What is your personal connection to epilepsy?
When my youngest daughter Beatrice was 20 months old, she had her first seizure. She started spinning around in the doorway. I looked at her, and although her body was there, I could see that her mind was not. Several days later in the hospital, after multiple tests and exams, she was diagnosed with focal epilepsy.
Beatrice is now 10 years old and over the years her condition has changed, becoming more and more complex. She is resistant to all possible medications and has developed multiple seizure types including tonic-clonic seizures. Her cognitive development has been impacted and her speech has not developed normally. She has also developed a skin disorder that might be related to the drugs she has to take, although we cannot say this for certain.
What do you want to change?
When I think about people with epilepsy, there are so many things that need to change.
The fact that we, in 2019, still have to deal with the stigma of epilepsy is unacceptable.
If I had to choose just one thing, it would be our ability to manage the disease in everyday life. We need innovative, reliable and effective tools and support systems to bring the families out of a constant state of fear. Because this is what we experience every day.

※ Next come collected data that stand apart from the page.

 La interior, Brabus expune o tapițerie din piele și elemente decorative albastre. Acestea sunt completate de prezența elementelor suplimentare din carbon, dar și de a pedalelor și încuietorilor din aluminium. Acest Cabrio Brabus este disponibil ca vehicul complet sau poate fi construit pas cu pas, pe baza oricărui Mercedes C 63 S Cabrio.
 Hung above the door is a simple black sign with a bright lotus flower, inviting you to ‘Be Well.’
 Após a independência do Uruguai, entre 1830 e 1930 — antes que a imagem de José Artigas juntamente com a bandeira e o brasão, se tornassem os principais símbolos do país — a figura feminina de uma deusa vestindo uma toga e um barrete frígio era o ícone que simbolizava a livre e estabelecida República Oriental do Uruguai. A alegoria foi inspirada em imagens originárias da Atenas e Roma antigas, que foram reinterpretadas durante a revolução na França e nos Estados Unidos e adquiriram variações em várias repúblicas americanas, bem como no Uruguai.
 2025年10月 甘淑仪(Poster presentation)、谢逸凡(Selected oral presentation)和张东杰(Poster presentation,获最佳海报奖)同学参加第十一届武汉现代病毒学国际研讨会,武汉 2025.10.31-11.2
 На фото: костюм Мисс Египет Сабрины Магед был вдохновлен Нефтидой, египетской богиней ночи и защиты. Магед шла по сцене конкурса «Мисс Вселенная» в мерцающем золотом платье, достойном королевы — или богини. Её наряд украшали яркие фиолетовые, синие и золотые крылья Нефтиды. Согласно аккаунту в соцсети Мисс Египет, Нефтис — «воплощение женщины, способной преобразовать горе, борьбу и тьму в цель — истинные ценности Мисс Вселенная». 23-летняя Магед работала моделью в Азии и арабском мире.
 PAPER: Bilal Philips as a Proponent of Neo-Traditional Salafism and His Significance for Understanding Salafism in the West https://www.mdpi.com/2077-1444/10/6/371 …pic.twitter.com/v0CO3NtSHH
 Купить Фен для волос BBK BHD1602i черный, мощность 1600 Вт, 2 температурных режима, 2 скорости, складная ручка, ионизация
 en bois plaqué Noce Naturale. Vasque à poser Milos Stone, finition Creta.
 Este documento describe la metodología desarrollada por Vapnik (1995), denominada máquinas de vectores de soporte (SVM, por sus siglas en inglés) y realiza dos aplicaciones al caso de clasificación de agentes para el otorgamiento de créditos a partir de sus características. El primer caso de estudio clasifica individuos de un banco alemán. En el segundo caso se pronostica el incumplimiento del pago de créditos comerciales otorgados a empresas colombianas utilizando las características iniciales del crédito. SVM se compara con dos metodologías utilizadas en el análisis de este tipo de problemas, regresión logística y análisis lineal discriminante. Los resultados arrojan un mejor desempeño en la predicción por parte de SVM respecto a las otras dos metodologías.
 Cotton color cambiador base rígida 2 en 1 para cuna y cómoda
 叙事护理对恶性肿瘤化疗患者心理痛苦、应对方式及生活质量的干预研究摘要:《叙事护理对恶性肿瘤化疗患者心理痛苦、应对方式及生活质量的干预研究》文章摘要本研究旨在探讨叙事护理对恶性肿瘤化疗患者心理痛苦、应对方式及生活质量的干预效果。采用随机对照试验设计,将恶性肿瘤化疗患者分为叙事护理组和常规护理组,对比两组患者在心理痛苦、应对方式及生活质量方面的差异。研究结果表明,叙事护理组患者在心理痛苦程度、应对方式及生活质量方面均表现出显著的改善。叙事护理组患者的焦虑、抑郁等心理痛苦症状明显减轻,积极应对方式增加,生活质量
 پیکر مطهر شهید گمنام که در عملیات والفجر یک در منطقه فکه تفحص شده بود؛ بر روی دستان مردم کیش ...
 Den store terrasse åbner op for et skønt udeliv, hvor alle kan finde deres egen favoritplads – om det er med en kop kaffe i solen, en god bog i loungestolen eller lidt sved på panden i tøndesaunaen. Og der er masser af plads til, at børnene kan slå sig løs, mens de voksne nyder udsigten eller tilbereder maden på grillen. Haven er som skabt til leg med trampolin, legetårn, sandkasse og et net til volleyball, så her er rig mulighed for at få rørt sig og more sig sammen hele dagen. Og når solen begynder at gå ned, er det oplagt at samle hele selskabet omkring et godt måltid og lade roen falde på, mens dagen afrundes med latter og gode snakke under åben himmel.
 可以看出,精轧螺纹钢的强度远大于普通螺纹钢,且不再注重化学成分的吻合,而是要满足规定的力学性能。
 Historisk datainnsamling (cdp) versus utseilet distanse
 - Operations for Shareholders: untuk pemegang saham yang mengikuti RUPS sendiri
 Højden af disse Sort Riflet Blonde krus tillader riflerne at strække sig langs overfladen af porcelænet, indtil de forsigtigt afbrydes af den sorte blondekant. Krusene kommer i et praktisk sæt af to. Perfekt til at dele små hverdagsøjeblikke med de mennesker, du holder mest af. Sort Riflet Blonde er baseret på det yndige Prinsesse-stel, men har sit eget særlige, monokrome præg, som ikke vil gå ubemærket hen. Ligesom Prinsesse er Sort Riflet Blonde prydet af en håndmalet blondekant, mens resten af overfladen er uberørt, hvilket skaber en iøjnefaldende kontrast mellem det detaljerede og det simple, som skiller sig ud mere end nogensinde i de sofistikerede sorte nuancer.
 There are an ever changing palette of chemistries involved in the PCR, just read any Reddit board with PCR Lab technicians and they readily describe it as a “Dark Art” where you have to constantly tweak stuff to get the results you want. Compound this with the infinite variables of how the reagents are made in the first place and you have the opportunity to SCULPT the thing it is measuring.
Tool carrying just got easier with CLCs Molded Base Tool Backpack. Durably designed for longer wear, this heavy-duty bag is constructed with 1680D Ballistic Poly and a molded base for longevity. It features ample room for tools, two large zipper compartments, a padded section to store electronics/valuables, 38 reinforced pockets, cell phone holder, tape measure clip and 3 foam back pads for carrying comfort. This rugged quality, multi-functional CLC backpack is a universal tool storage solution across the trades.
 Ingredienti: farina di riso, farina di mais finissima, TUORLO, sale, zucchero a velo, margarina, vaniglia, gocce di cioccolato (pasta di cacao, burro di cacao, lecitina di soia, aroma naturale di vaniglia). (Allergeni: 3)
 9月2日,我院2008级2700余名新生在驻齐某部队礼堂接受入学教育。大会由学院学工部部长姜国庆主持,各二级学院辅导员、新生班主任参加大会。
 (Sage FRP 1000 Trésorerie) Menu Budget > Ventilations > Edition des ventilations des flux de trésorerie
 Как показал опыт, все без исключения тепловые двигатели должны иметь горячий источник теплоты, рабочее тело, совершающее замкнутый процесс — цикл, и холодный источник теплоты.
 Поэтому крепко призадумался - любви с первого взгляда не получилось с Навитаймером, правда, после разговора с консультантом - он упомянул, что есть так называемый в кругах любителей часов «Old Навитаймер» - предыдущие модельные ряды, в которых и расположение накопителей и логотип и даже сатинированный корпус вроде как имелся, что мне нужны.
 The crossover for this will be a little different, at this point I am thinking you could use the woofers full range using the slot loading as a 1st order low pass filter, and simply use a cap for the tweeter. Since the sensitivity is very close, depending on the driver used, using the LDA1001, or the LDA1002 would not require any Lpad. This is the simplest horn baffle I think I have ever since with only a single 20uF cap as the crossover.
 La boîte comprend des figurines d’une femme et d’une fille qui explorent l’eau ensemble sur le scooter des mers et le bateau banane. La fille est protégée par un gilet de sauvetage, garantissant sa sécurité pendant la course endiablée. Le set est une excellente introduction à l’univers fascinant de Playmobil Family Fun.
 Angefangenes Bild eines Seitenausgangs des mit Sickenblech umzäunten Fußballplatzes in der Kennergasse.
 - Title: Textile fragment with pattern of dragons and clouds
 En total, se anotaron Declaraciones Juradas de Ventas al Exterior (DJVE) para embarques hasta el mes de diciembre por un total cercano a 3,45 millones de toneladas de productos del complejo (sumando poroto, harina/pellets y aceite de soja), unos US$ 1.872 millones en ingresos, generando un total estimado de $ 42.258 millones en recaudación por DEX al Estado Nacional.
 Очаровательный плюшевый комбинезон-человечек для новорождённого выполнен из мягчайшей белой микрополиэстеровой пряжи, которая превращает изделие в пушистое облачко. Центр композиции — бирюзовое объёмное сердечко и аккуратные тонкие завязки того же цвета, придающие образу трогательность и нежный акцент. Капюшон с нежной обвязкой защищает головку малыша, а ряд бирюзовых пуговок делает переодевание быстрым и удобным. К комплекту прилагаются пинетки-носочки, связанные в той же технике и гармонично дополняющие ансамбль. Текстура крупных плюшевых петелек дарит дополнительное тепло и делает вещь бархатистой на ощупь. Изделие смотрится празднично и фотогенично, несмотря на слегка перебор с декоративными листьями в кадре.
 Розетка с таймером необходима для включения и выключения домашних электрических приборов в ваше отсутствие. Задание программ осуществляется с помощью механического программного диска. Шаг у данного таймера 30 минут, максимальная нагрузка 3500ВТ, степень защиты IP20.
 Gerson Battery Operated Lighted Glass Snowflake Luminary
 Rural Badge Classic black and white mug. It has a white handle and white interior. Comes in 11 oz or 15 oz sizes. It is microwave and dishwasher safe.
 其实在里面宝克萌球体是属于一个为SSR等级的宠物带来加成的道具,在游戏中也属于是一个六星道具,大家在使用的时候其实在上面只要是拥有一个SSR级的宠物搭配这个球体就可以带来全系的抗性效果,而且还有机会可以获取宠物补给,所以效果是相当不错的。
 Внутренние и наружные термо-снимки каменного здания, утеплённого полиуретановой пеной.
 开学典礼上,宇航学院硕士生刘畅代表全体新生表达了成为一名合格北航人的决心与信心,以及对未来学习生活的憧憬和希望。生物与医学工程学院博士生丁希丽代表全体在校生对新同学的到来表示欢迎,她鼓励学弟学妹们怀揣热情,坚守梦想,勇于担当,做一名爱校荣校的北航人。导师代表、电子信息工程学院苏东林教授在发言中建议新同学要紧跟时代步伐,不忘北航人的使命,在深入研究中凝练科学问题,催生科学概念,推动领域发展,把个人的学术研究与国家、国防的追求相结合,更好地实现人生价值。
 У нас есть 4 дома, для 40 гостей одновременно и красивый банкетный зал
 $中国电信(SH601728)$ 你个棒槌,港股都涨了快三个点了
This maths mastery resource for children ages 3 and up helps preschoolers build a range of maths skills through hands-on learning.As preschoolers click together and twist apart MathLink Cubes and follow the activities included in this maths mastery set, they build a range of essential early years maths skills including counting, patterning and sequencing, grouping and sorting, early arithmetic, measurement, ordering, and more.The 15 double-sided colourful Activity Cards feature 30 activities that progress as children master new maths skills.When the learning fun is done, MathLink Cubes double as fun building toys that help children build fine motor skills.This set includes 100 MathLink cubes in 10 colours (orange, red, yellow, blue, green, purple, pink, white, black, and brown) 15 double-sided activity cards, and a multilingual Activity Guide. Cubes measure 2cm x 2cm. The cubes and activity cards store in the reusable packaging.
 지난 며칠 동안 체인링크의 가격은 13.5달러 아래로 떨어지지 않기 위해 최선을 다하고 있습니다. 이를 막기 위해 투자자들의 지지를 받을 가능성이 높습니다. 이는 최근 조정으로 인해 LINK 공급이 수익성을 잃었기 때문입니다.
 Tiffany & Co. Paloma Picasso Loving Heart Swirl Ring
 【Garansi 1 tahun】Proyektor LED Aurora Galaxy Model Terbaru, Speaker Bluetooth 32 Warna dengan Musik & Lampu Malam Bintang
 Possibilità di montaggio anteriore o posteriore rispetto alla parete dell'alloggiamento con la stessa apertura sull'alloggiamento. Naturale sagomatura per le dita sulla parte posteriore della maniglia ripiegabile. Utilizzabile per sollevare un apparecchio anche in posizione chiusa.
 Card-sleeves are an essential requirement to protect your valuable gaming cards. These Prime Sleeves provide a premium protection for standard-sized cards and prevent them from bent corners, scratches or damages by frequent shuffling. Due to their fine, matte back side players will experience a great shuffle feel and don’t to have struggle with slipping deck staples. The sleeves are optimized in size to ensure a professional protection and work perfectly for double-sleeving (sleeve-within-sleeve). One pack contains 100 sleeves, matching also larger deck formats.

I have a lively and joyful daughter who wants to run, climb trees, go to the swimming pool, and participate in normal activities for young girls like her. But some of those things are either impossible or possible only with one or two experienced people always by her side. I know most epilepsy families live like that, devoting their sleeping time to caring for their kids. We must find better ways to ensure a normal life for persons with epilepsy.
How do you use your talents to tackle the issues your daughter face?
My story has been linked to epilepsy since before I was even aware of it. As a PhD student in molecular biology, I was involved in a study that led to the identification of the connection between the Emx1 gene and epilepsy. After my dissertation, I got a master’s degree in international healthcare economics, policy and management, which led me to work as a research program manager with a major Italian charity, the Telethon Foundation, focusing on rare genetic disease. Those were very exciting years for the foundation because important breakthroughs were being achieved in the field of gene therapy for rare diseases.
With my daughter’s diagnosis, my immediate reaction was to push for a cure. I had the background and the professional tools to make that happen. This is how I became an epilepsy advocate. Soon after that, I was appointed by the Italian Epilepsy Federation to help them develop a program focused on the genetic bases of the disease through genotyping of children with epilepsy.
Knowledge is power and right now we are powerless.
Is there anything you would like to add?
I believe that what really drives progress today is not only the quality of the science but, most of all, the power of a whole community who believes that changes can be made. At the basis of the most rapidly advancing research fields, there is a shared vision among all stakeholders. We need, now more than ever, to reinforce this idea in our community through education and engagement efforts.